A hospital trust is to introduce dedicated home birth midwives in a bid to increase the number of mothers who give birth at home.
Brighton and Sussex University Hospitals NHS Trust has announced plans to increase midwife support for home births as figures show the number of babies born at home continues to fall.
New figures obtained by The Argus show the number of home births at the trust dropped by nearly a quarter last year with just 185 of more than 6,000 births carried out at home.
It was a similar situation at East Sussex Healthcare NHS Trust, where the number of home births dropped by a third from 211 in 2007 to 135 in 2012.
Western Sussex Hospitals NHS Trust bucked the trend with home births increasing slightly from 197 in 2007 to 227 last year, although they still accounted for just 4% of all births.

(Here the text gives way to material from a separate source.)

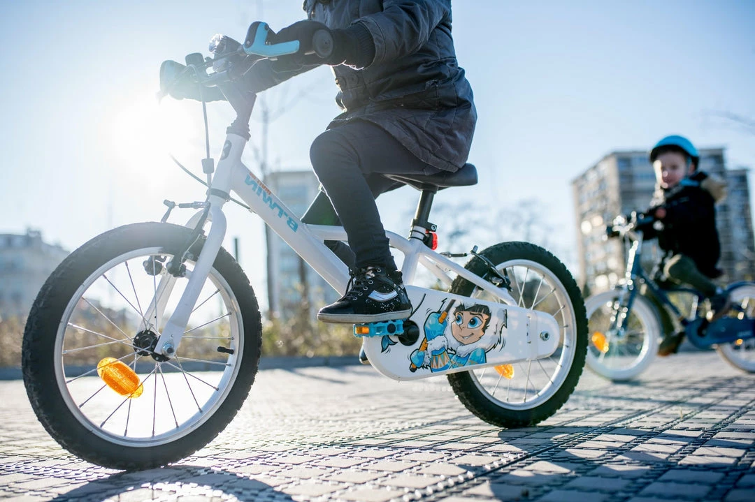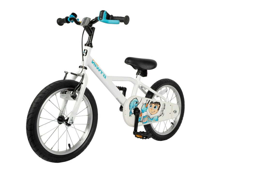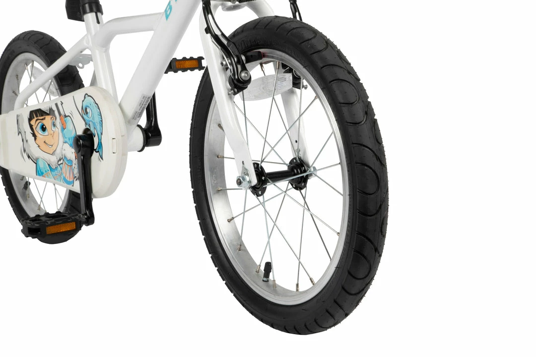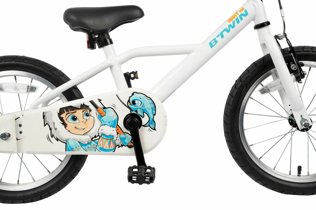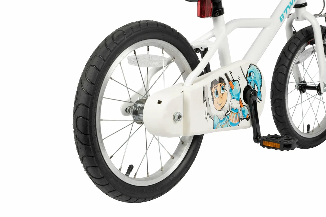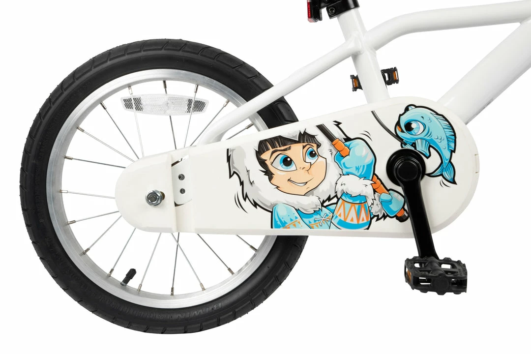 A simple 16″ bike for kids aged 4 to 6, with a simple chain guard, reflectors, and a bell.

The Royal College of Obstetricians and Gynaecologists had previously said that as many as one in three of all births could be carried out in the home, but nationally the number is just one in 40.
A home birth costs hospital trusts £600 less than a hospital birth, meaning that Brighton and Sussex University Hospitals Trust could save more than £1 million a year if they hit the Royal College’s target.
The trust said it will provide dedicated midwives able to attend home births as soon as they are called by the parents and it was reintroducing home visits for families considering home births to discuss their options.
Birth teacher Claire Cornthwaite, who runs a series of groups for mothers in Hove, said: “Often the support network for having a home birth just isn’t there.
“There is a need for more midwives not just in Brighton and it would help more mothers to choose a home birth if they had the same midwife throughout their antenatal care.”
A BSUH Trust spokesman said: “Although as a trust we have a view that we always attend home births as a priority, we have listened to what some families have said and are set to change the way we provide the home birth service in the near future.”